Zeitschrift für Agrarwissenschaft und Lebensmittelforschung
Offener Zugang
ISSN: 2593-9173
ISSN: 2593-9173
Namratha ND, Narayan BM, Chougal A und Chidanand AR
BBTV wurde als Antigen verwendet, um mithilfe der Phagendisplay-Technologie einen Antikörper mit variablem Einzelkettenfragment (scFv) zu produzieren.

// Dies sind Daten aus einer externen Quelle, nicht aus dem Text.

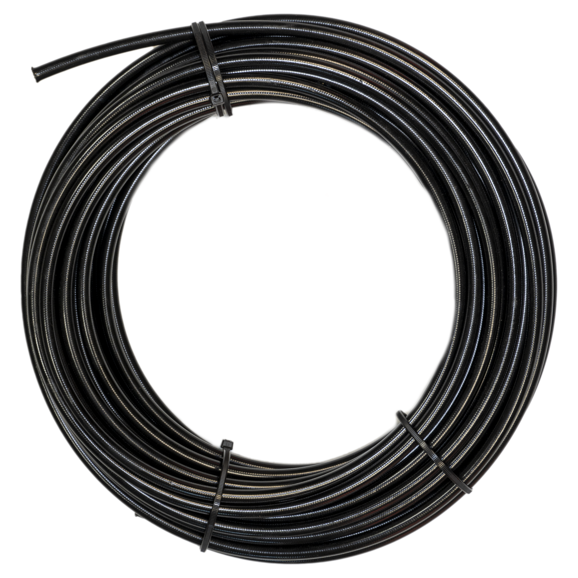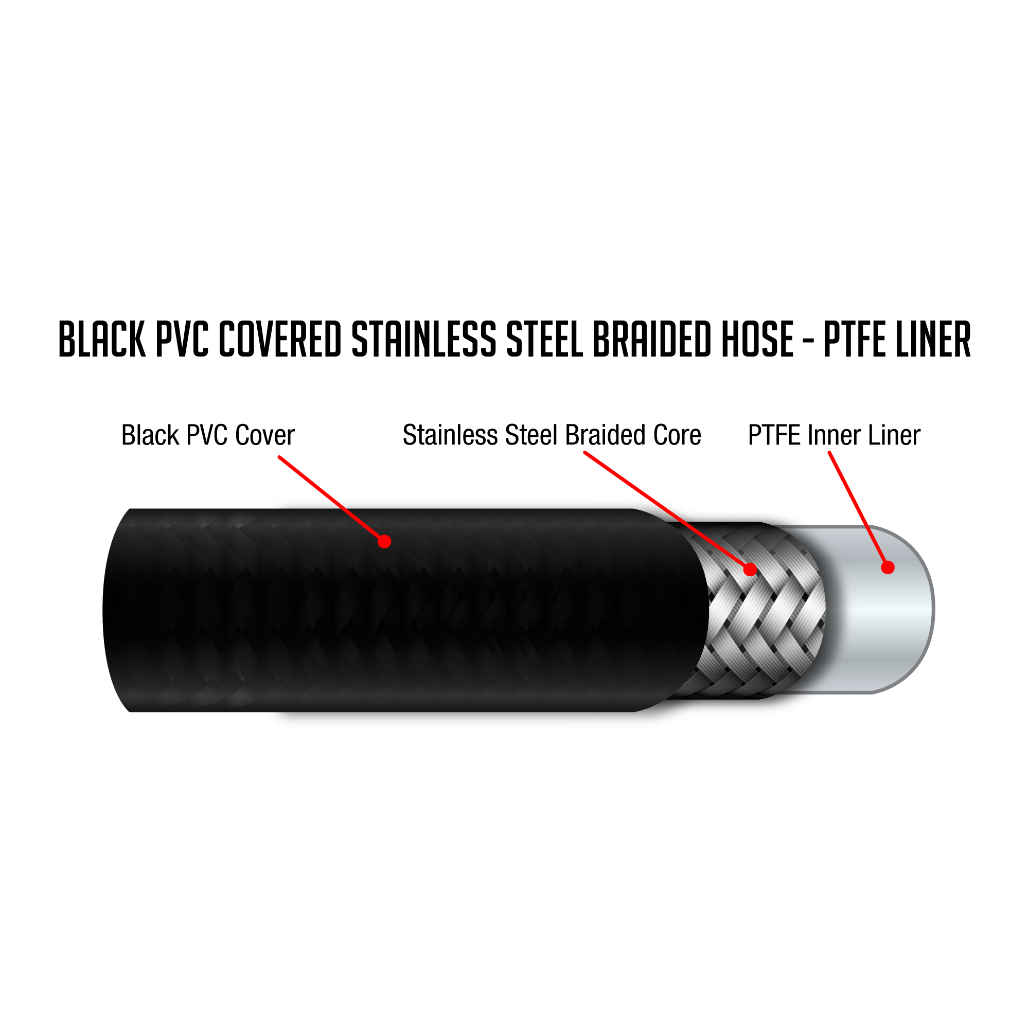 - Black PVC Outer Cover Over A Stainless Steel Braided Core With PTFE Inner Liner
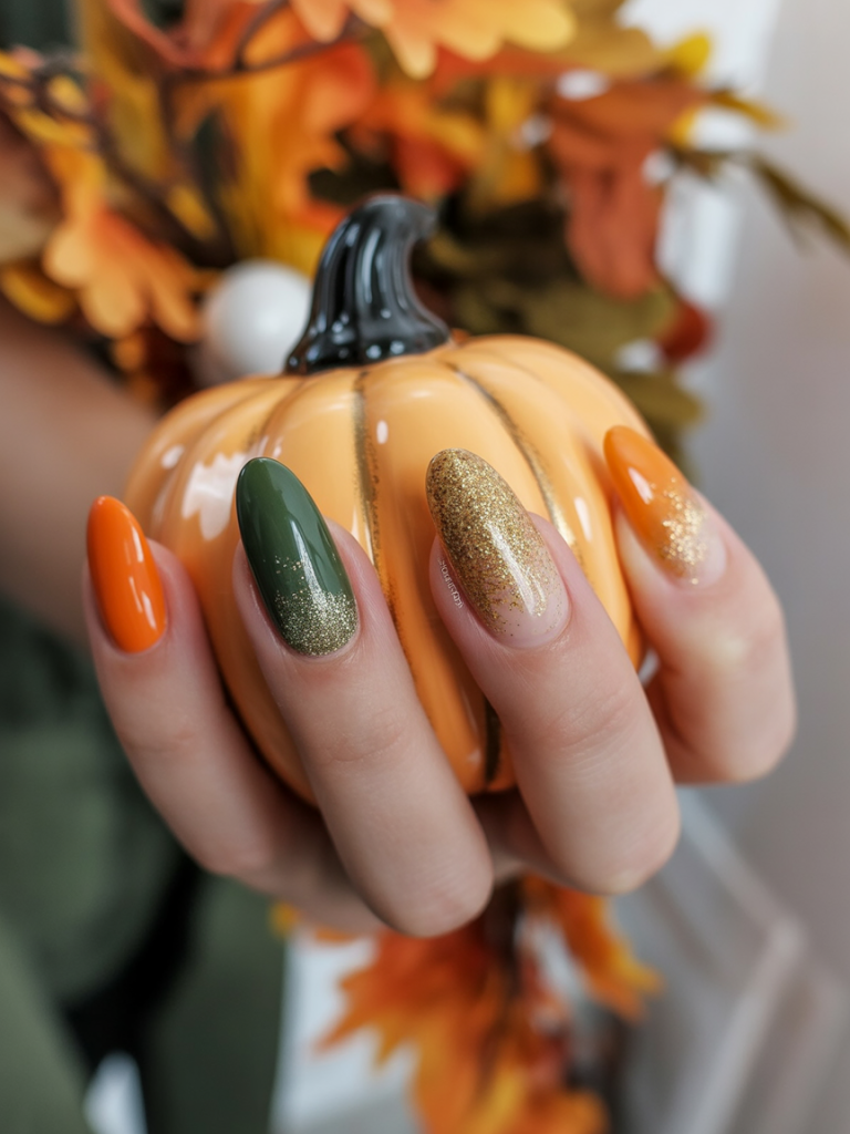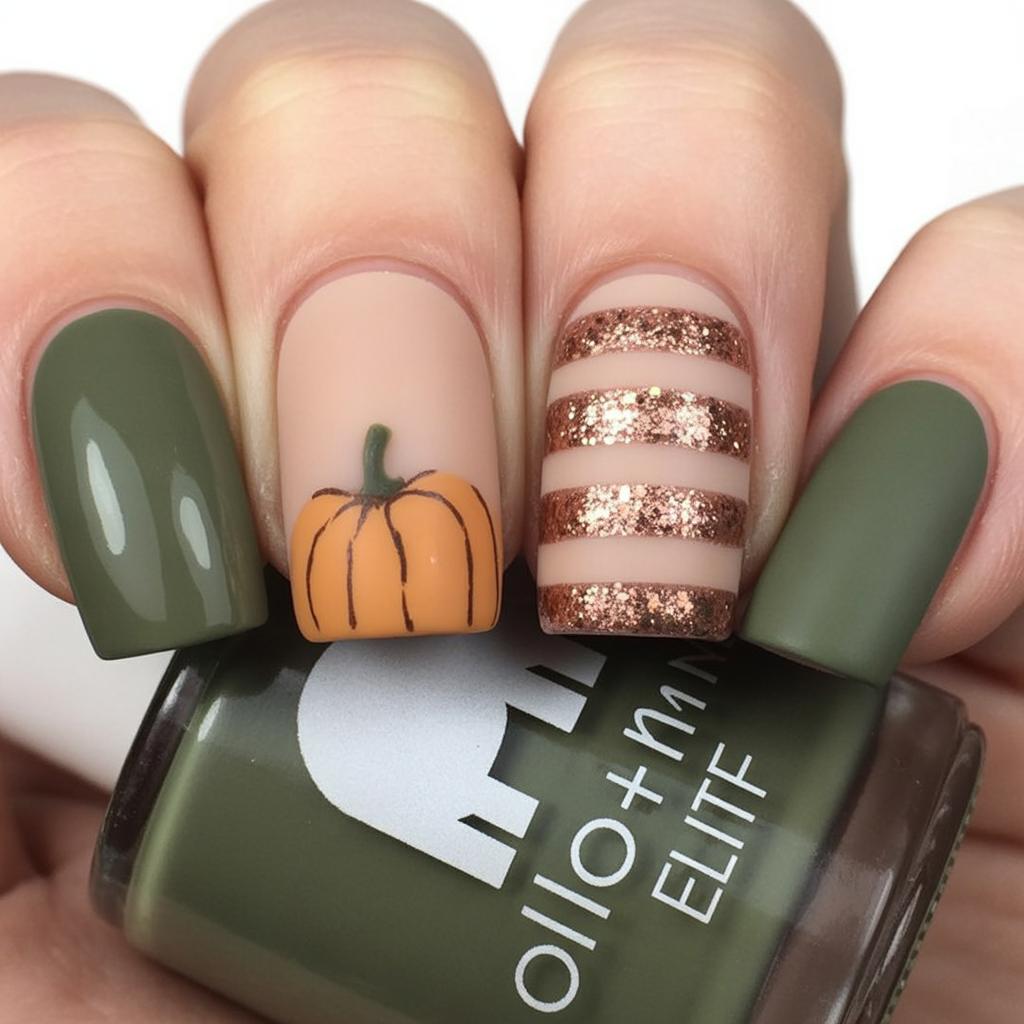 The olive green, copper sparkle and pumpkin owe an undisputed level of comfortability as well-it brings forth thought of hay rides, hot cider and soft scarves. It will deliver you the ideal dose of fall nostalgia with a twenty-first-century twist because you have vivid green polish combined with a witty pumpkin print and sparkling striping which is both celebratory and not over-the-top.
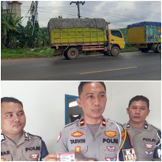 Kepala Unit (Kanit)Pengaturan Penjagaan ,Pengawalan dan Patroli (Turjawali) Satlantas Polres Banyuasin IPDA Taswin Noviar SH menjelaskan, pengemudi truk yang bermuatan buah sawit di periksa Satu persatu oleh Anggota Polisi Lalulintas hingga akhirnya di temukan salah satu pemgemudi truk Inisial HS, menunjukan SIM B1 UmumPalsu saat di periksa polisi.
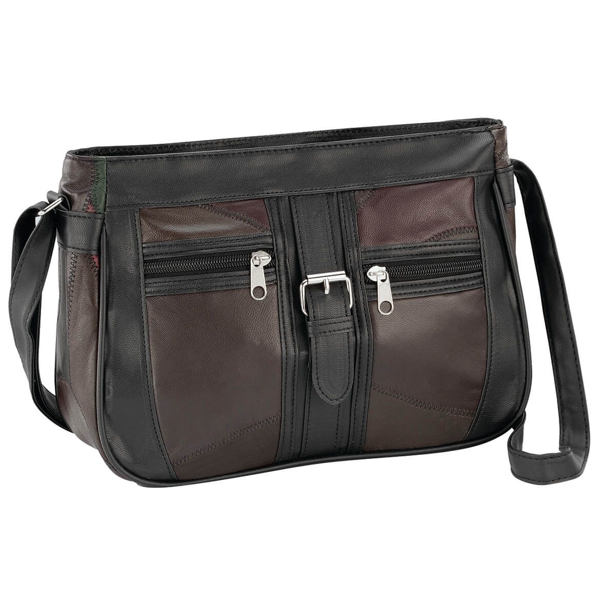 - Casually sophisticated Black Multi-Color Patch Leather Shoulder Bag elevates any look. You'll love the high-fashion details like contrast leather, silver-tone hardware and a decorative faux buckle. This women's purse helps you stay organized on the go with 2 front zip pockets, a back zip pocket and an inside zip pocket. The perfect size for any occasion, the strap drop adjusts 10 1/2"-23 1/2" for carry versatility. Leather handbag is approx. 10 5/8" wide x 7 5/8" high x 3 1/2" deep. 60% sheep leather/40% PVC. Wipe clean.
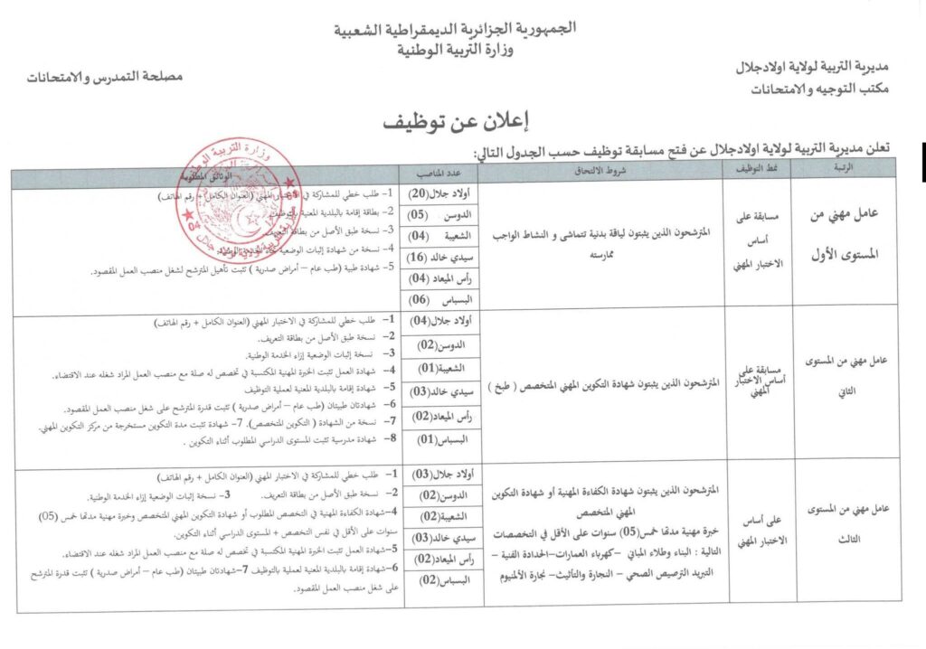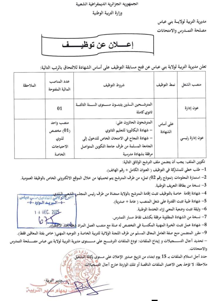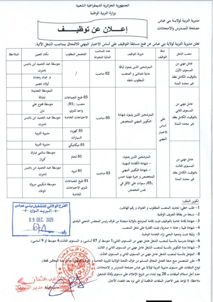تعلن مديرية التربية لولاية بني عباس واولاد جلال عن فتح مسابقة توظيف على أساس الشهادة وعلى أساس الاختبار المهني للالتحاق بالرتب التالية

Zwei Klone mit den höchsten Messwerten im monoklonalen ELISA wurden ausgewählt, nämlich pBSNMAB5 und pBSNMAB40. Einzelketten-Antikörperfragmente von pBSNMAB5 und pBSNMAB40 wurden in den pQUANTa-Body-Expressionsvektor subkloniert, wodurch eine transkriptionelle Fusion mit dem scFv-monoklonalen Antikörperfragment und dem Gen, das für das Enzym alkalische Phosphatase (PhoA) kodiert, ermöglicht wurde. Die Klone wurden mit LMB3-Vorwärts- und pHEN-Rückwärtsprimer sequenziert und charakterisiert. Die scFv-Gene beider Klone waren 795 bp lang, und es wurde festgestellt, dass sie eine ähnliche Homologiesequenz aufweisen. Die Ergebnisse der BLASTn- und BLASTx-Analysen zeigten eine 85-prozentige Homologie mit dem synthetischen Konstrukt des Anti-TNF-Alpha-Einzelketten-Fv-Antikörpergens, partiellen cds, und darüber hinaus ergab die BLASTx-Analyse eine 86-prozentige Homologie mit der variablen Schwerkettenregion des zirkulierenden B-Zell-Antikörpers (Homo sapiens). Nach der Expression des Klons wurde das Fusionsprotein von ALP zusammen mit den monoklonalen Antikörpern pBSNMAB5 und pBSNMAB40 produziert. Das scFv-ALP-Konjugat wurde gegen das BBTV-Protein hergestellt. Unter Verwendung dieses Antikörperkonjugats wurde ein Nachweiskit entwickelt. Dieses Rapidot Immunodiagnostic Kit erkennt BBTV bereits in einer Konzentration von 0,9 g/ml sowohl in der NC-Membran als auch in der Membrankassette und wurde auch mit anderen Proteinen abgeglichen, um die Spezifität der gegen BBTV erzeugten Monoklone zu ermitteln.